Да ты не бойся, не пропадешь, город у нас хороший; вот в Гаммельне, говорят, в прошлом месяце ведьму жгли и сорок черных кошек с ней, а в Мартенбурге нет такого и в заводе. И никаких тебе перчаток из кошачьих шкурок — это оттого, что у нас бездомных мало. Ну разве что как у тебя — хозяин помер, а взять некому. Или как я — я, понимаешь ли, совсем не могу, когда детей топят, некоторые ничего, а я — не могу. Почему топят? Экий ты смешной. Право слово, что ж тебя Тильда, совсем не выпускала? Ничего — наверстаешь. Ты вот наверстаешь, а я, к примеру, ходи потом с брюхом. А потом известно что — не успела выродить, да облизать, да последы подъесть, а уже ведро тащут. Ну оставят тебе одного, много — двух, чтоб с молоком не мучилась. А я и по шесть порой рожаю. Вот и ушла. Но у меня, что ни раз — все красавцы, сама пристраивала — кого пекарю под дверь, кого — мяснику. Мало кто на улице остался. Ходят теперь гладкие. И не узнает никто. Вот там видишь, окошко горит? Там мой Мартин живет — это еще с позапозапрошлой весны. От Густава, кстати. И чудно так: я, когда еще в доме жила, Мартой была, и он — Мартин. Я тебе потом покажу — он на окне сидит часто, такой красавец.

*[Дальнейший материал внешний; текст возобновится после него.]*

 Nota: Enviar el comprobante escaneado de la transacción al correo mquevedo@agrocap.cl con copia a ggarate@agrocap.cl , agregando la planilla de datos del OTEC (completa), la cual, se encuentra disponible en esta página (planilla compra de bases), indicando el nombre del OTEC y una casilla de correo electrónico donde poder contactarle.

Нет, хорошо у нас. Чокнутая Брюн с мешком объедков часто ходит: «Кити-кити-кити…» Ты только сразу к ней не кидайся, а подожди, пока мешок вытряхнет да уйдет. Нет, она ничего не сделает, но ты подожди. И каждый рыбак с улова на пристань по три рыбины кладет, а кто и пять — наша доля. А по четвергам после службы сам отец Питер идет на рынок, покупает рыбью мелочь и высыпает в корытце на паперти — и это нам. Плохо ли? Ну и Агнесса, опять же. Совсем взять не возьмет, другого кота Густав не потерпит, а покормить — покормит. Нет, не пропадешь, летом на рынке объедки, рыба та же, что мелкая и в засол не пойдет, — все нам, главное не зевать. Да умывайся, умывайся почаще: чистым дают охотнее, это как с нищими — несчастный, пусть, но чтоб чистый. И осенью до самых заморозков хорошо. И весной. Только и трудов нам — зиму пережить. Ты только не суетись, днем надо забиться, где потеплей, да спать. Сарай вот дровяной — видишь, какой лаз удобный?

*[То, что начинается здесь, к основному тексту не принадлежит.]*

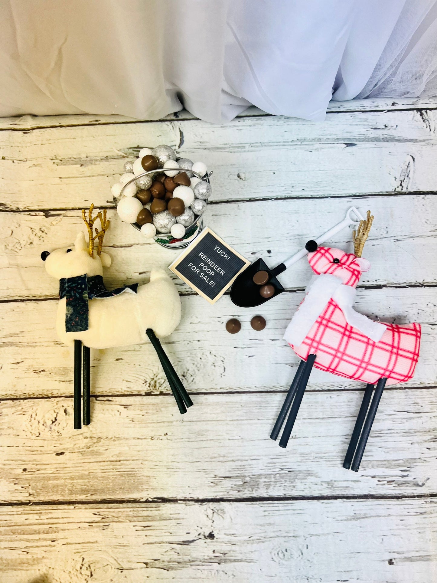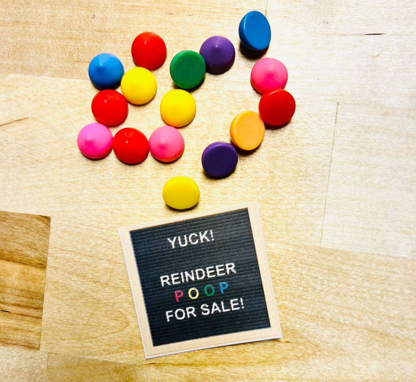1 cardstock sign "Yuck! Reindeer poop for sale!"

Свернись, прижмись, дыханьем грейся. А хочешь, так и со мной, только, чур, не баловать, стара я уже для баловства. Главное, темноты дождись. Нет, не сумерек, а совсем темноты. А потом смотри и слушай: как услышишь вроде плеск — так вылезай. Куда бежать, покажут. У меня чутье уже не то, но тут опоздать не страшно, всегда всем хватает. Бок у Марты был костлявый и теплый. Кот («Ах ты, Рыжик, мальчик мой, рыжий черт, прорва ненасытная») привалился к ней, плотнее уткнул нос в брюхо и задремал.

Над вымерзшим городом, над заснеженной черепицей низеньких домов, над флюгером на магистрате, над колокольней церкви Девы Марии Тишайшей шорох, шелест, мягкое колебание мерзлого воздуха. Где сегодня — а вот хоть тут, у бесполезной башенки на крыше знахарки Агнессы, там под черепицей, на чердаке, летний запах от сухих трав и крылья уснувших осенью бабочек, а над печной трубой — хитро кованный козырек в завитках. Серая хламида сминается прямыми складками, как на алтарной картине, возле которой так любит стоять отец Питер, наклоняется деревянная миска, и белый, гладкий поток соединяет небо и снег. Искрящийся сугроб протаивает белой чашей, сладкий пар и запах, как от молочного супа с клецками, как от молочницы Марии, что летом приносила тяжелый кувшин, как от палево-рыжего брюха, которое надо толкать лапами, пока прямо в рот не брызнет…

Серые, рыжие, белые — так что по снегу несется лишь тень, — запретно черные, полосатые, с меткой Богородицы на пушистых лбах — бегут они к снежной чаше. Серые, рыжие, черные морды в густых и сладких молочных звездах. Розовые лепестки языков складываются крошечными ковшиками, сугроб, дом, город покачиваются в слитном ритме молочного плеска.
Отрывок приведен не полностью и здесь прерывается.